- Exercise details
Ignoring every picture, transcribe the data in full as it stands.

- Supplied data
+++

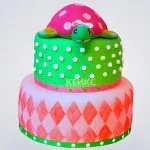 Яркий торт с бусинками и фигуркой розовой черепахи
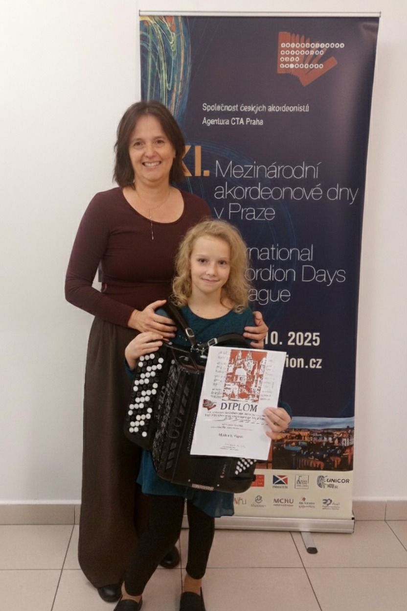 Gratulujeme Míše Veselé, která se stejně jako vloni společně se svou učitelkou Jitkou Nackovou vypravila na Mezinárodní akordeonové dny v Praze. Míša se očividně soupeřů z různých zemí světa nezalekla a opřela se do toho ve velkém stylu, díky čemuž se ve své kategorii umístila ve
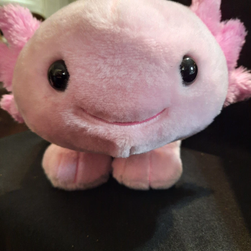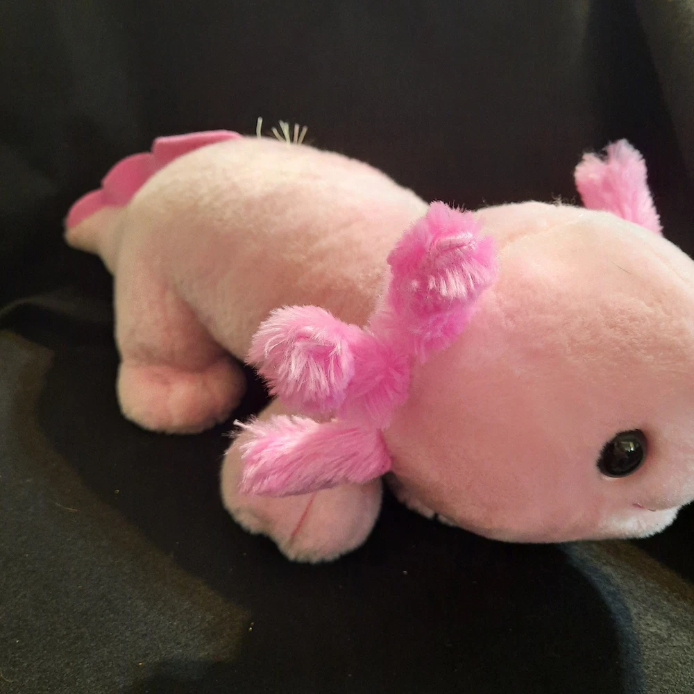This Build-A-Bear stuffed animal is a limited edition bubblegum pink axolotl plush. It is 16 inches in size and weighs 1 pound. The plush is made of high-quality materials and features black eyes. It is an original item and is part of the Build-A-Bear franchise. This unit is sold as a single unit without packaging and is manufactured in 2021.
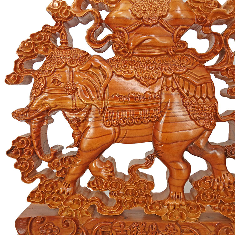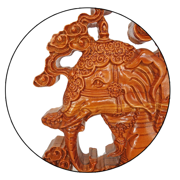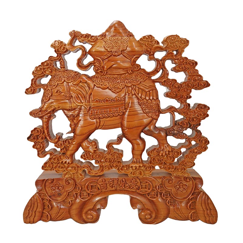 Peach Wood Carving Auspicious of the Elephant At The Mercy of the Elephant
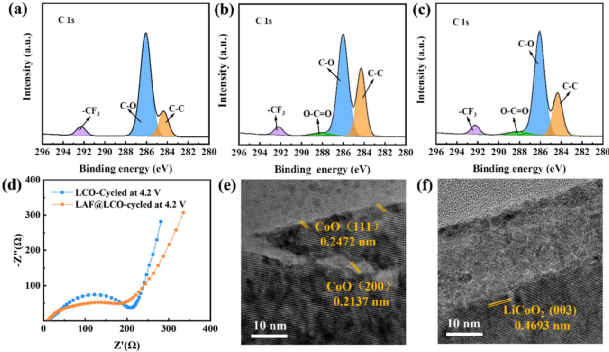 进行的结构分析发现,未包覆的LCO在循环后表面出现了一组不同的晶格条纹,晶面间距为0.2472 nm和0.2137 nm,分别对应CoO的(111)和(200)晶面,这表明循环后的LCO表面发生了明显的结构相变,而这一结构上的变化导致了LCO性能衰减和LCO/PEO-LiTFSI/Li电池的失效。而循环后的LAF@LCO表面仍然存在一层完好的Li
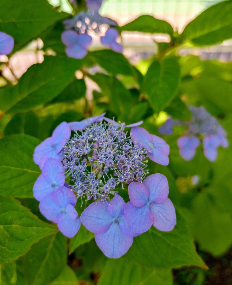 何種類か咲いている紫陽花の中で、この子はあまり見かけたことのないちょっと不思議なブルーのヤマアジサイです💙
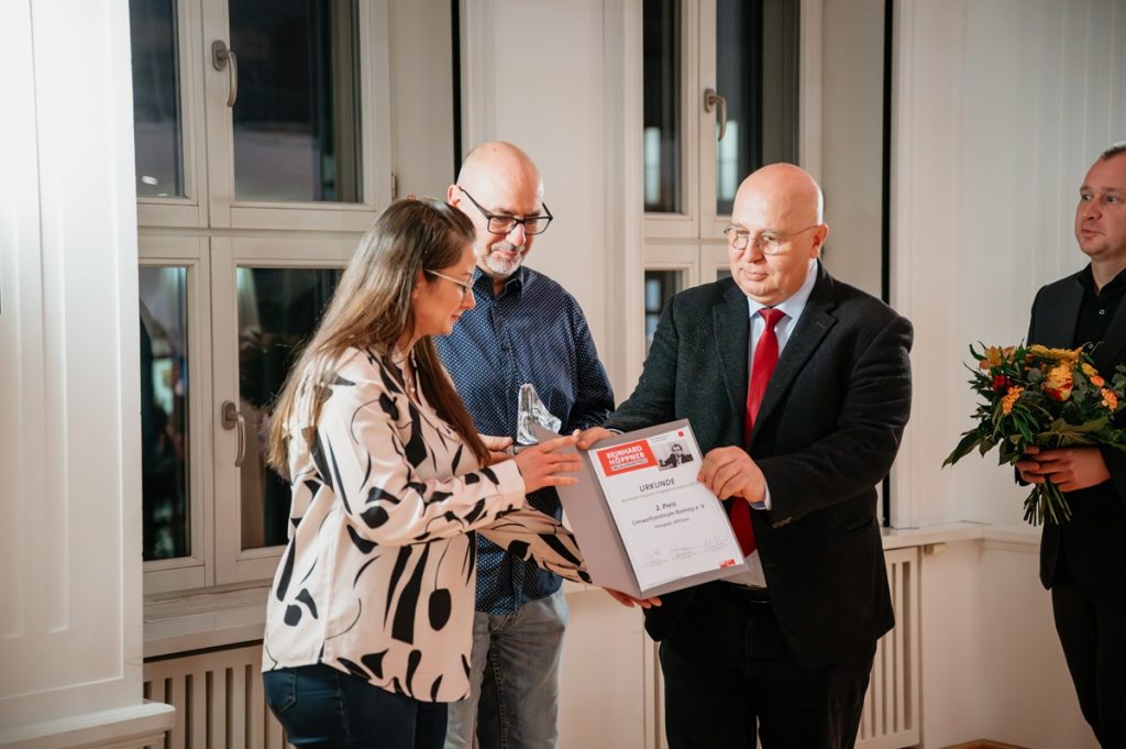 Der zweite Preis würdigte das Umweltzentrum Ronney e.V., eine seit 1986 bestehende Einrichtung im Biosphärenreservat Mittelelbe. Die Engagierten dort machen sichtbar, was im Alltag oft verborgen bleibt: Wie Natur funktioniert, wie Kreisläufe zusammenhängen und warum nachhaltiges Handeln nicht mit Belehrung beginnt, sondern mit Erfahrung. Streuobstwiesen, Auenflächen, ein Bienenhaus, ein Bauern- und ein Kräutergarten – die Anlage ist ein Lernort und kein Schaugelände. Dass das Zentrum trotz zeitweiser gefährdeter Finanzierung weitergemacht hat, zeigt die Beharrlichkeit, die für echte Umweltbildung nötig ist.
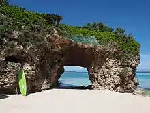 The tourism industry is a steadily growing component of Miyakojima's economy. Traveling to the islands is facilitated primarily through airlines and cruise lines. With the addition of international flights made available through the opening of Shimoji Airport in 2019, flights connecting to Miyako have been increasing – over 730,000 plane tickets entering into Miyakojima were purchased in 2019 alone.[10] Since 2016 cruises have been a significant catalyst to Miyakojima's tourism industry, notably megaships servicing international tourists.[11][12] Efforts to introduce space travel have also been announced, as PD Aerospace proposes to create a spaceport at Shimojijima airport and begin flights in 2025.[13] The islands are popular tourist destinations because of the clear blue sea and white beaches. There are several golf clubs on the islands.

+++

- Response to this exercise
 Яркий торт с бусинками и фигуркой розовой черепахи
 Gratulujeme Míše Veselé, která se stejně jako vloni společně se svou učitelkou Jitkou Nackovou vypravila na Mezinárodní akordeonové dny v Praze. Míša se očividně soupeřů z různých zemí světa nezalekla a opřela se do toho ve velkém stylu, díky čemuž se ve své kategorii umístila ve
This Build-A-Bear stuffed animal is a limited edition bubblegum pink axolotl plush. It is 16 inches in size and weighs 1 pound. The plush is made of high-quality materials and features black eyes. It is an original item and is part of the Build-A-Bear franchise. This unit is sold as a single unit without packaging and is manufactured in 2021.
 Peach Wood Carving Auspicious of the Elephant At The Mercy of the Elephant
 进行的结构分析发现,未包覆的LCO在循环后表面出现了一组不同的晶格条纹,晶面间距为0.2472 nm和0.2137 nm,分别对应CoO的(111)和(200)晶面,这表明循环后的LCO表面发生了明显的结构相变,而这一结构上的变化导致了LCO性能衰减和LCO/PEO-LiTFSI/Li电池的失效。而循环后的LAF@LCO表面仍然存在一层完好的Li
 何種類か咲いている紫陽花の中で、この子はあまり見かけたことのないちょっと不思議なブルーのヤマアジサイです💙
 Der zweite Preis würdigte das Umweltzentrum Ronney e.V., eine seit 1986 bestehende Einrichtung im Biosphärenreservat Mittelelbe. Die Engagierten dort machen sichtbar, was im Alltag oft verborgen bleibt: Wie Natur funktioniert, wie Kreisläufe zusammenhängen und warum nachhaltiges Handeln nicht mit Belehrung beginnt, sondern mit Erfahrung. Streuobstwiesen, Auenflächen, ein Bienenhaus, ein Bauern- und ein Kräutergarten – die Anlage ist ein Lernort und kein Schaugelände. Dass das Zentrum trotz zeitweiser gefährdeter Finanzierung weitergemacht hat, zeigt die Beharrlichkeit, die für echte Umweltbildung nötig ist.
 The tourism industry is a steadily growing component of Miyakojima's economy. Traveling to the islands is facilitated primarily through airlines and cruise lines. With the addition of international flights made available through the opening of Shimoji Airport in 2019, flights connecting to Miyako have been increasing – over 730,000 plane tickets entering into Miyakojima were purchased in 2019 alone.[10] Since 2016 cruises have been a significant catalyst to Miyakojima's tourism industry, notably megaships servicing international tourists.[11][12] Efforts to introduce space travel have also been announced, as PD Aerospace proposes to create a spaceport at Shimojijima airport and begin flights in 2025.[13] The islands are popular tourist destinations because of the clear blue sea and white beaches. There are several golf clubs on the islands.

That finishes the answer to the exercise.